- [Your objective]: With every picture left out, give the data below back exactly.

- [Data]:
_ _ _ _ _

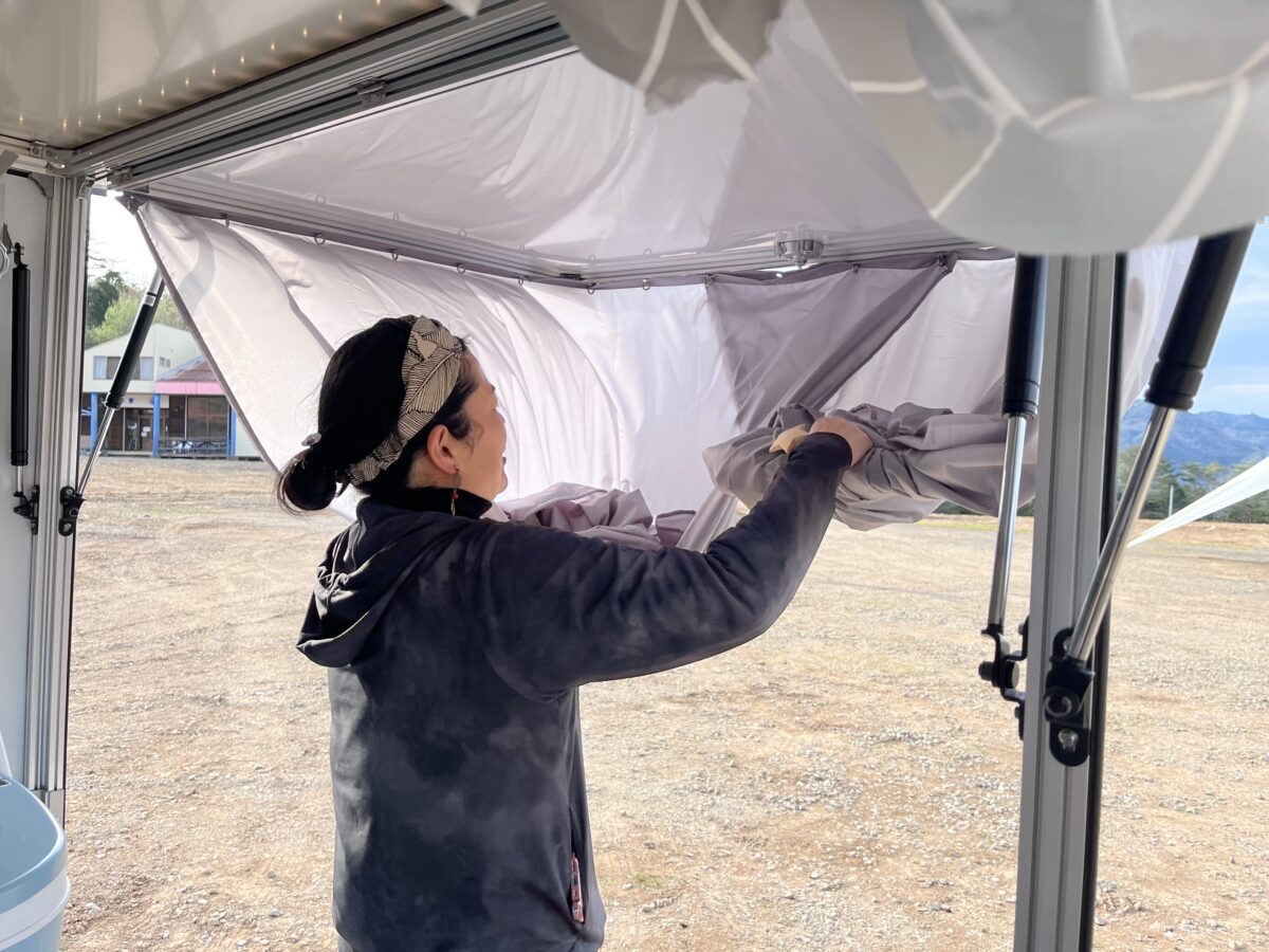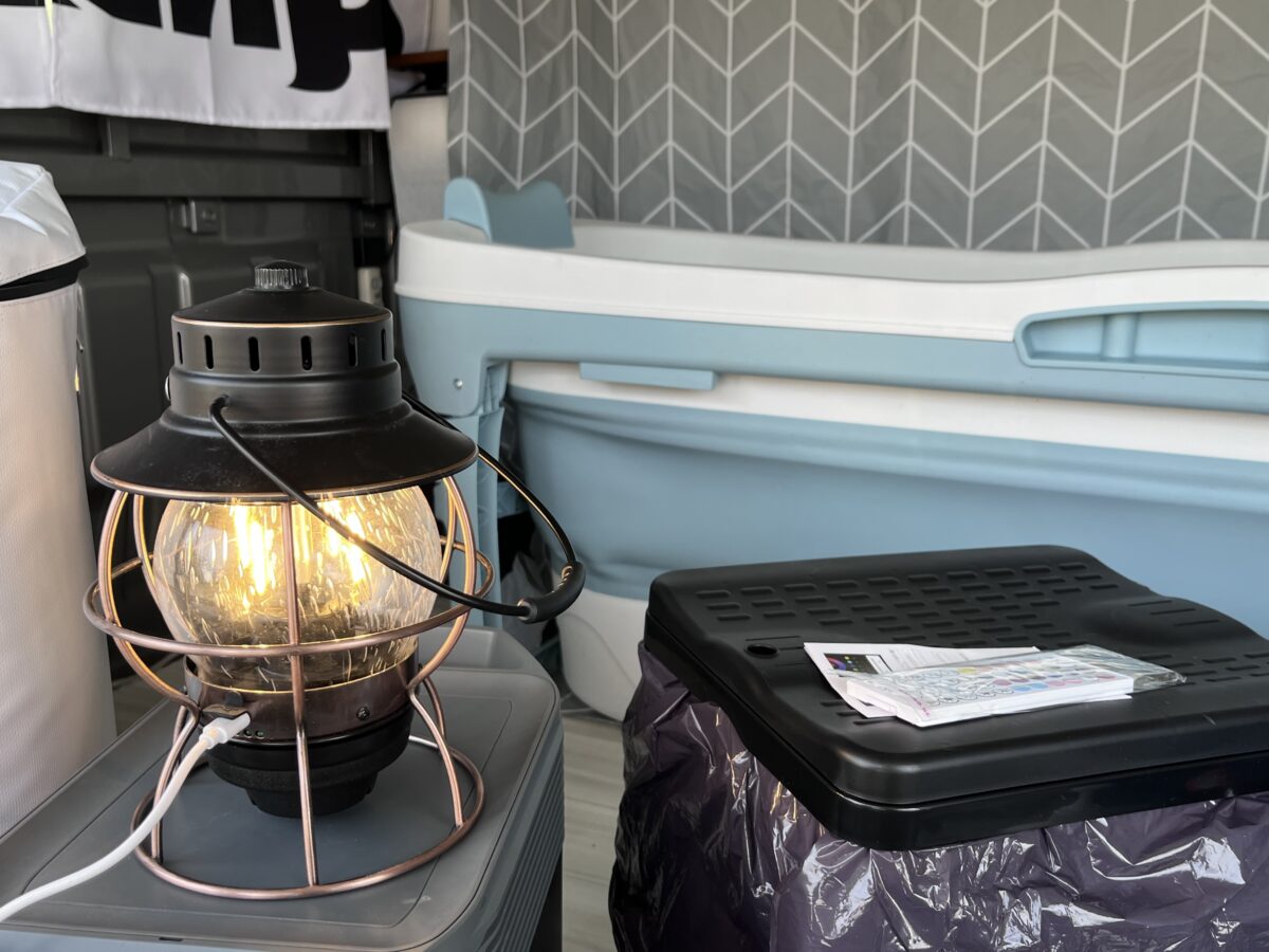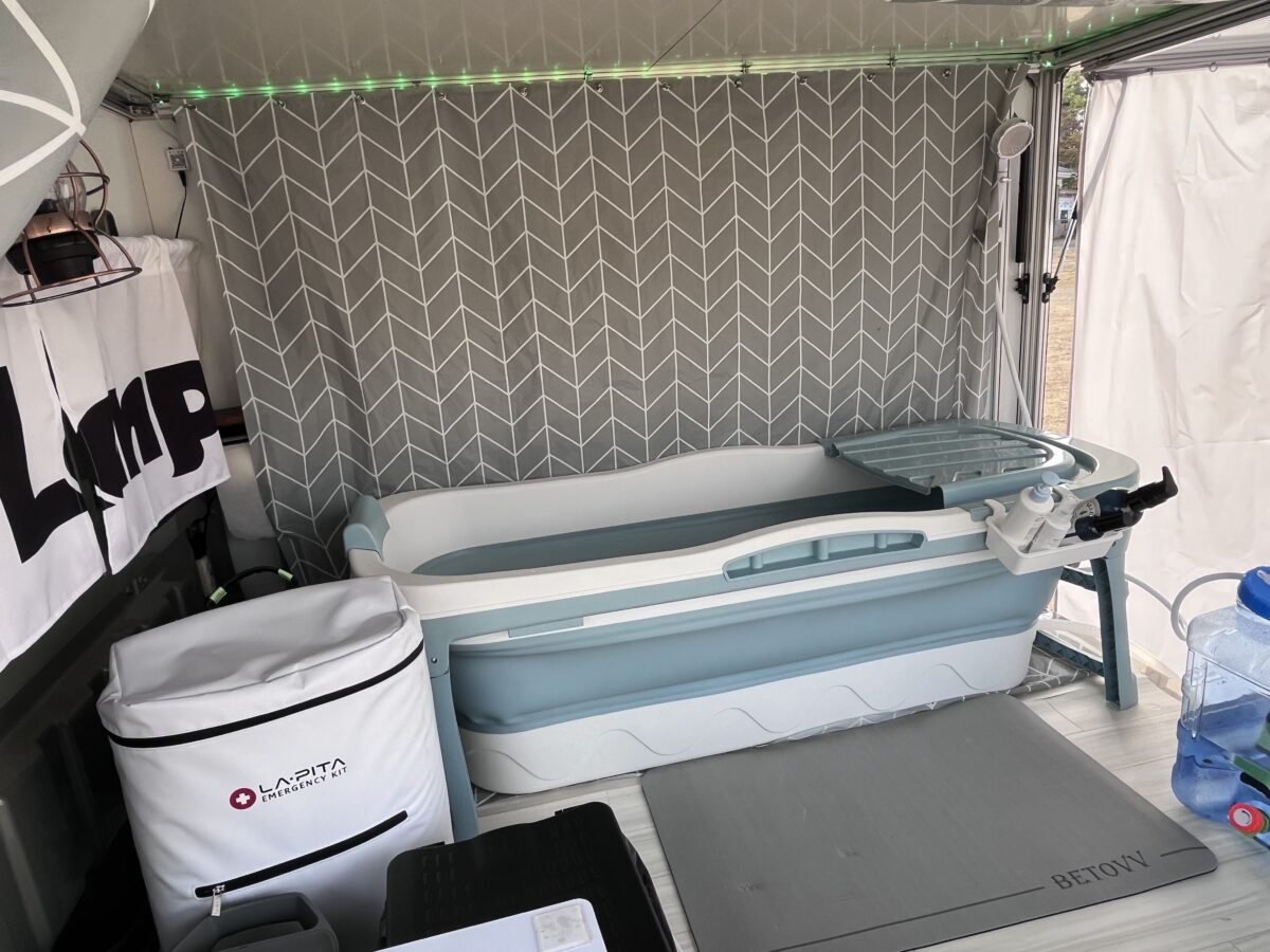 カーゴボックス内にはお湯を沸かせる設備があり、簡易トイレも完備。
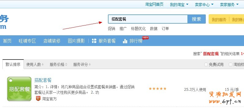 您可以進入“賣家中心”—“營銷中心”—“促銷管理”頁面選擇“搭配套餐”點“馬上訂購”,或進入“賣家中心”—“軟件服務”—“我要訂購”頁面搜索出“搭配套餐”進行訂購。
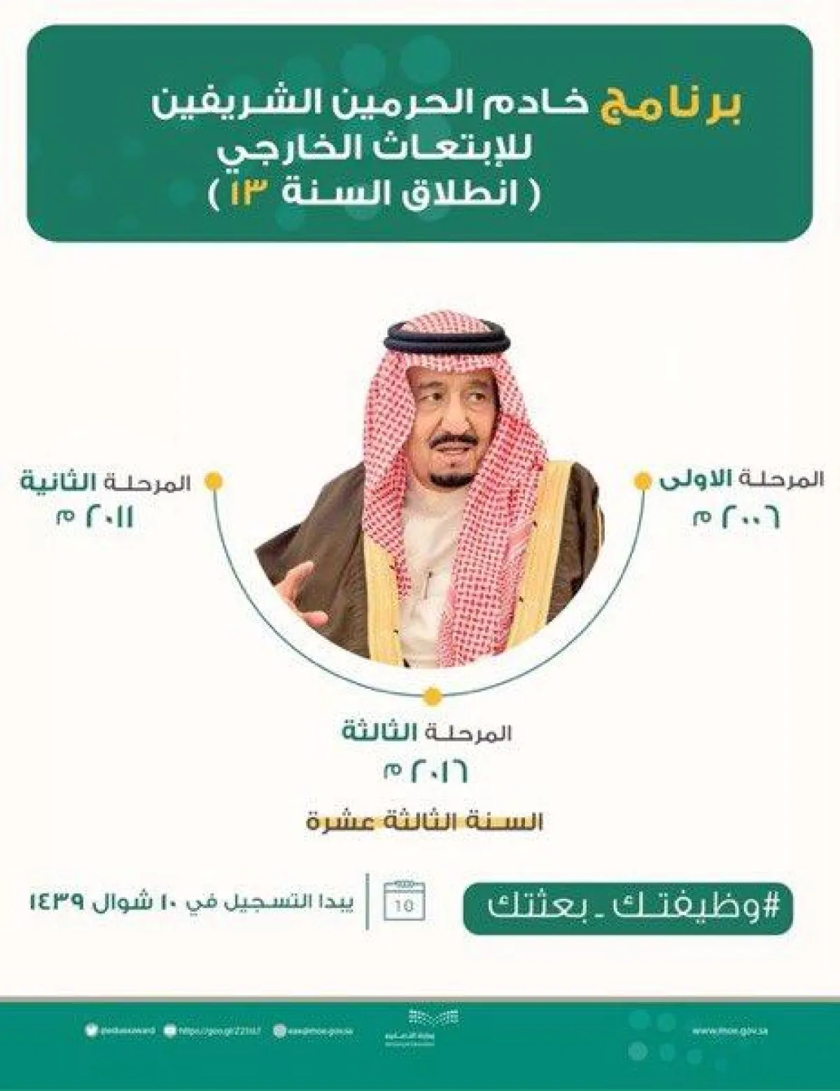 وأوضح أن الوكالة ستعلن المتطلبات، والتخصصات المتاحة على صفحة "برنامج خادم الحرمين الشريفين للابتعاث الخارجي": https://ksp.moe.gov.sa.

_ _ _ _ _

- [Written reply]:
 カーゴボックス内にはお湯を沸かせる設備があり、簡易トイレも完備。
 您可以進入“賣家中心”—“營銷中心”—“促銷管理”頁面選擇“搭配套餐”點“馬上訂購”,或進入“賣家中心”—“軟件服務”—“我要訂購”頁面搜索出“搭配套餐”進行訂購。
 وأوضح أن الوكالة ستعلن المتطلبات، والتخصصات المتاحة على صفحة "برنامج خادم الحرمين الشريفين للابتعاث الخارجي": https://ksp.moe.gov.sa.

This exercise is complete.